Several people were killed, scores sustained gunshot injuries, while others have been reported missing.

 

Speaking on efforts to improve security arrangements when he visited patients at the 44 Nigerian Army Reference Hospital in Kaduna on Wednesday, he said the air force has resumed surveillance.

 

He also said additional equipment would be procured and possibly installed before rail operations resume on the Abuja-Kaduna route.

 

‘But even if we don’t install, we have spoken with the Nigerian Air Force. The Nigerian Air Force used to escort the train, but for the past one or two weeks, they said the weather has been so bad that they can’t fly,” NAN quoted him as saying.

 

“They said it’s below 500 and if it’s below 500, they will run into an accident. So, they have not been flying. That is why this attack was successful.

 

 “They said they have resumed flying now and any time we are ready to travel, they will have to escort the train.

 

“Two, the president has already approved — even though the documents are with the ministry of finance — that we should employ people who will be working on the tracks for the next six to seven months, within which we should have been able to install the equipment.

 

“So, we intend to employ villagers that will be working on the track. If they see anything they suspect, they should let us know so that we can let the security know.

 

“All these are measures we will take until we install the security equipment.”

 

The minister added that the Department of State Services (DSS) would be involved in recruiting the villagers to ensure that those recruited were not informants for bandits.

 

Amaechi also commended the army hospital for giving the “maximum” medical treatment available to every patient without charging a dime.

 

“You saw the patients with burns and then the one that has bullet located in her heart.
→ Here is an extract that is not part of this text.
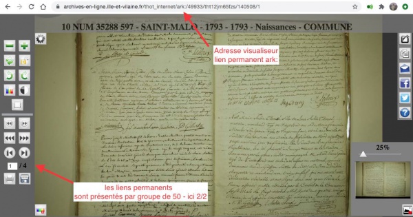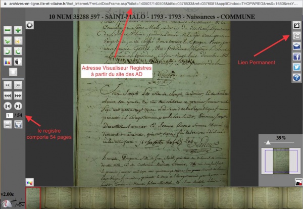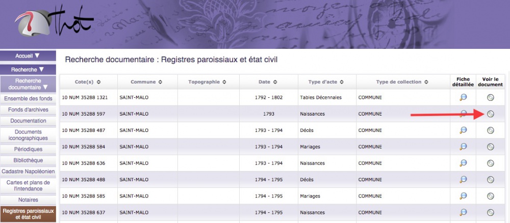 Exemple ici: Registre 10NUM35288/597 - Saint-Malo - 1793 - Naissances - COMMUNE

They are bringing an expert tomorrow for that one — a cardiologist — to see if there will be surgery or not to take out the bullet,” he said.

 

“They said they have only seven (patients) left and the rest have been discharged.

 

 “The ministry and I think the federal government are grateful to the Nigerian Army for providing such services.

 

“But one thing I have said to the Nigerian people is to liaise with the hospital management and see how much money they can contribute for the treatment of the patients.

 

 “Obviously, those drugs are not manufactured here. The experts they are bringing from outside don’t work with the army, so they definitely have to pay them.

 

“We will try as much as possible to see what contributions we can make to the management of the hospital to assist in taking care of the patients.”